This is identical to the BlueGreen planner minus the `AwaitNodesCaughtUp` task.

## Task Changes

### CreateEntrantNodes — Inject Bootstrap Config

**File:** `internal/task/deployment_create.go`

When creating entrant nodes for a HardFork deployment, the task must inject the bootstrap config so the entrant uses the incumbent binary to sync:

```go
func (e *createEntrantNodesExecution) createNode(ctx context.Context, group, name string, ordinal int) error {
// ... existing node creation logic ...

// For HardFork: inject bootstrap config into entrant's snapshot source
if e.params.HardFork != nil {
snap := node.Spec.SnapshotSource()
if snap != nil {
snap.BootstrapImage = e.params.HardFork.IncumbentImage
if snap.S3 != nil {
snap.S3.TargetHeight = e.params.HardFork.HaltHeight - 1
}
}
}
// ...
}
```

Add fields to `CreateEntrantNodesParams`:

```go
type CreateEntrantNodesParams struct {
GroupName string `json:"groupName"`
Namespace string `json:"namespace"`
EntrantRevision string `json:"entrantRevision"`
NodeNames []string `json:"nodeNames"`
HardFork *HardForkParams `json:"hardFork,omitempty"`
}

type HardForkParams struct {
IncumbentImage string `json:"incumbentImage"`
HaltHeight int64 `json:"haltHeight"`
}
```

The `IncumbentImage` comes from the group's current template hash baseline — the image that was running before the update. This needs to be captured in `detectDeploymentNeeded` and stored in `DeploymentStatus`:

```go
type DeploymentStatus struct {
IncumbentRevision string `json:"incumbentRevision"`
EntrantRevision string `json:"entrantRevision"`
EntrantNodes []string `json:"entrantNodes,omitempty"`
IncumbentImage string `json:"incumbentImage,omitempty"` // NEW
}
```

Populated in `detectDeploymentNeeded`:

```go
group.Status.Deployment = &seiv1alpha1.DeploymentStatus{
IncumbentRevision: planner.IncumbentRevision(group),
EntrantRevision: planner.EntrantRevision(group),
EntrantNodes: planner.EntrantNodeNames(group),
IncumbentImage: group.Spec.Template.Spec.Image, // capture BEFORE the spec change
}
```

Wait — by the time `detectDeploymentNeeded` runs, the spec already has the new image. The incumbent image is what was running before.
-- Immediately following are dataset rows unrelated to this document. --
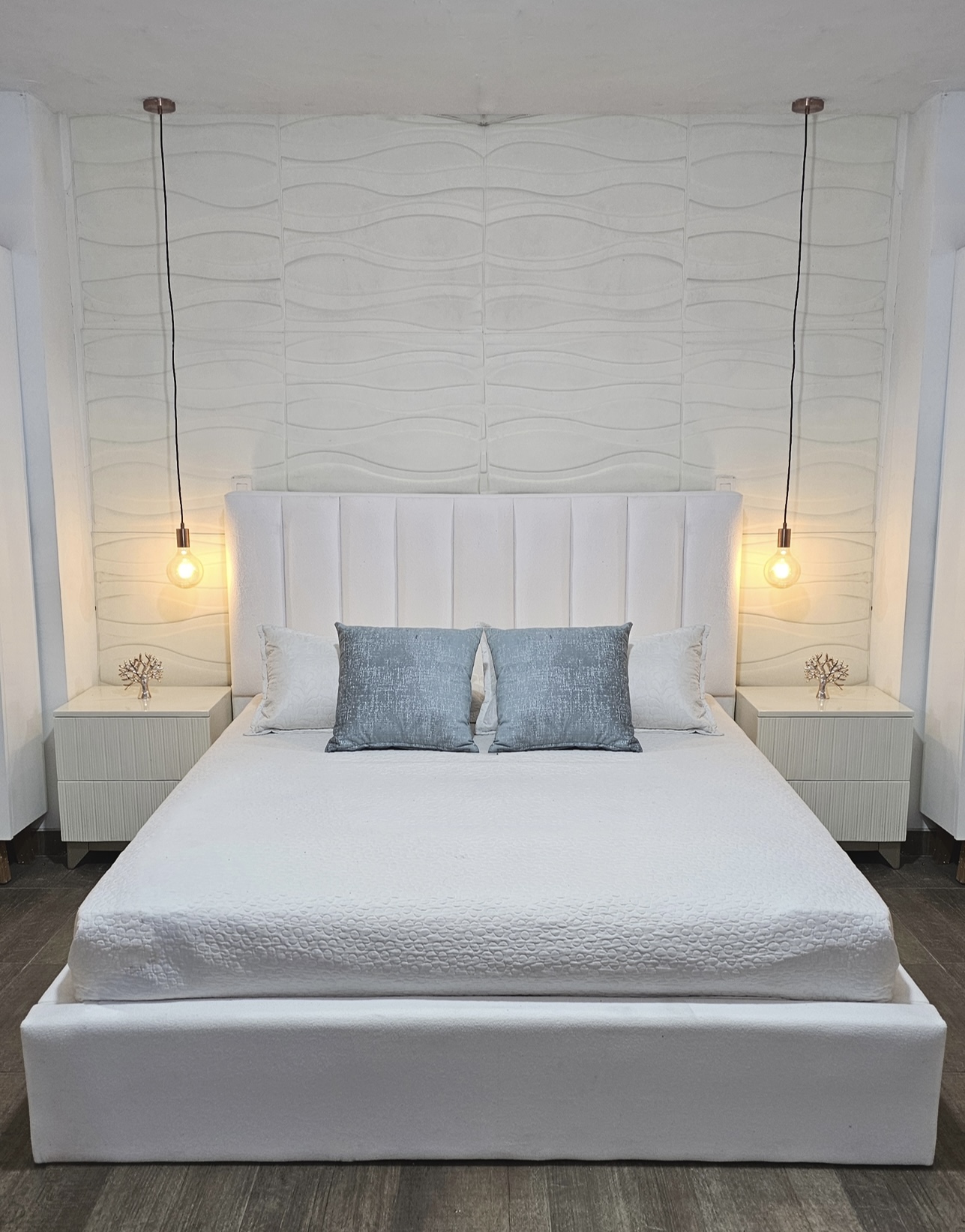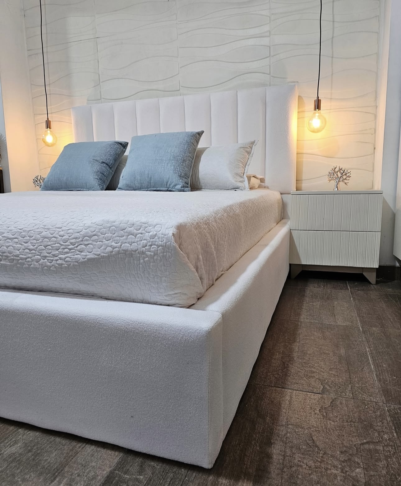 Cama Tapizada + Dos Mesas de Noche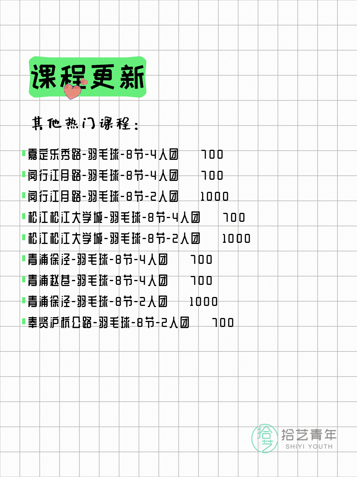 📌 羽毛球-青浦漕盈路-20节-一人即可 💰880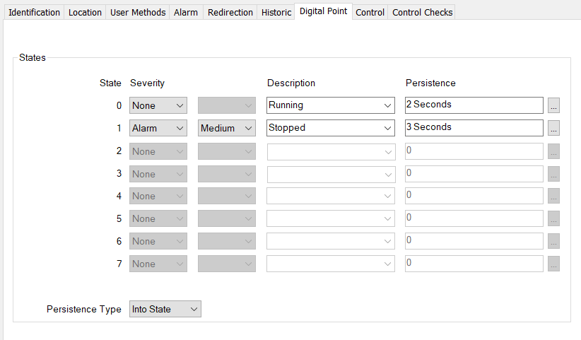 (If the Persistence Type was ‘Out of State’, when the point changed from ‘Running’ to ‘Stopped’, only two seconds would need to have elapsed before the value and state were recorded as having changed (as the Persistence duration for the state that was being left is specified as 2 seconds). Again, if the point value changed back at any time during the two-second persistence period, the fleeting change in value and state would not be recorded, as the point would be deemed not to have changed value.)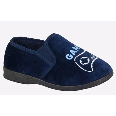 Zedzzz Gamer Boys Velour Full Slippers Navy Blue UK 11 (Junior)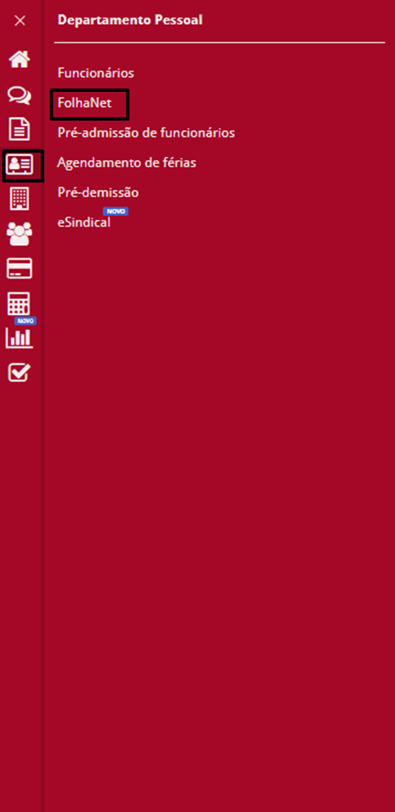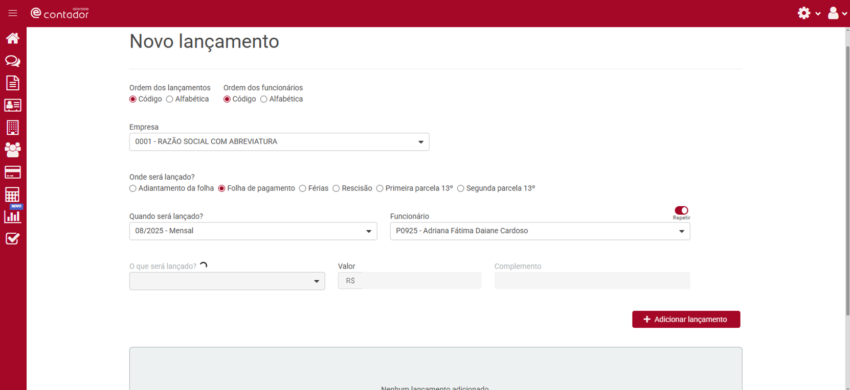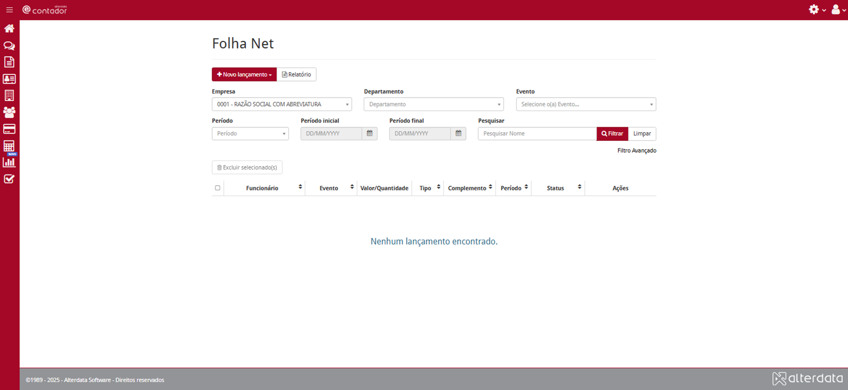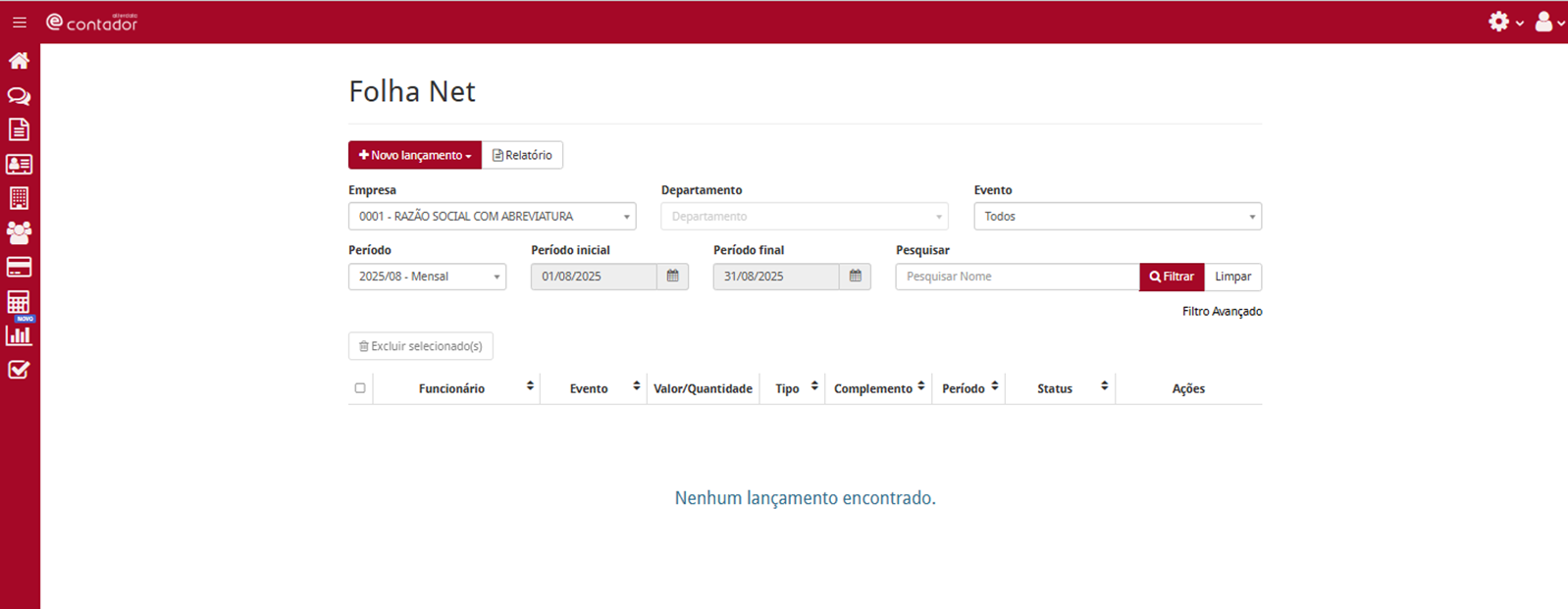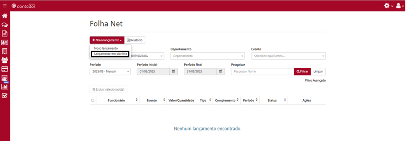 1-Departamento Pessoal> Folha Net > Novo Lançamento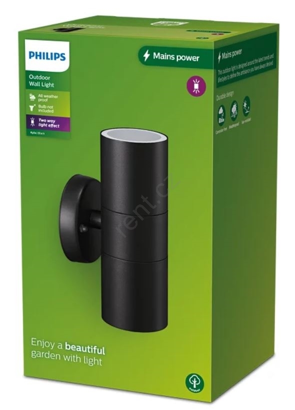 Philips - Venkovní nástěnné svítidlo KYLIS 2xGU10/25W/230V IP44 charakterizuje pěkný design a funkční provedení.  Do svítidla je určena žárovka s paticí GU10. Zde si můžete koupit další žárovky za výhodnou cenu. Získáte tak zajímavý doplněk do svého domova.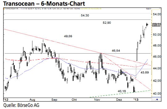 In den vergangenen drei Handelswochen hat sich der Börsenwert der Aktien von Transocean um knapp ein Drittel erhöht. Dieser massive Kursanstieg dürfte sich nach unserer Einschätzung auf mittlere Sicht fortsetzen, doch ist aktuell mit einer leichten Korrektur zu rechnen. Die Long-Szenarien: Kurzfristig könnte der Wert an den Widerstand bei 52,90 CHF und darüber gegebenenfalls bis 54,30 CHF ansteigen, ehe es zu einer vorübergehenden Gegenbewegung kommen dürfte. Diese könnte bis 49,06 CHF führen, ohne die Rally der vergangenen Tage in Frage zu stellen. Von dort aus dürfte es zu einer Fortsetzung der Hausse und bei einem Ausbruch über 54,30 CHF zu einem weiteren Kaufsignal kommen. In diesem Fall könnte der Wert bis 56,75 und 59,50 CHF steigen. Die Short-Szenarien: Sollten die Aktien von Transocean dagegen im weiteren Verlauf unter 49,06 CHF einbrechen, könnte ausgehend von der markanten Unterstützung bei 46,54 CHF ein weiterer Kaufimpuls folgen. Würde diese Haltemarke dagegen unterschritten, wäre mit einer Ausdehnung der Korrektur und einem Ausverkauf bis 43,89 CHF zu rechnen. Ein Rückfall unter dieses Preislevel würde aus unserer Sicht für das vorzeitige Ende der Aufwärtsbewegung der Aktien sprechen. Verluste bis 40,18 CHF müssten in diesem Fall eingeplant werden.

We need to read it from an incumbent SeiNode:

```go
// In detectDeploymentNeeded, read incumbent image from an existing node
if len(group.Status.IncumbentNodes) > 0 {
var incumbentNode seiv1alpha1.SeiNode
if err := r.Get(ctx, types.NamespacedName{
Name: group.Status.IncumbentNodes[0], Namespace: group.Namespace,
}, &incumbentNode); err == nil {
group.Status.Deployment.IncumbentImage = incumbentNode.Spec.Image
}
}
```

### SubmitHaltSignal and AwaitNodesAtHeight — Remove or Deprecate

These tasks can be removed from the HardFork plan but should be kept in the codebase for potential future use (manual halt operations, testing). Remove the import from `deployment.go` but don't delete the files.

Alternatively, if we're certain they won't be needed, delete:
- `internal/task/deployment_signal.go`
- `internal/task/deployment_await.go` (keep `awaitNodesCaughtUpExecution` which BlueGreen uses)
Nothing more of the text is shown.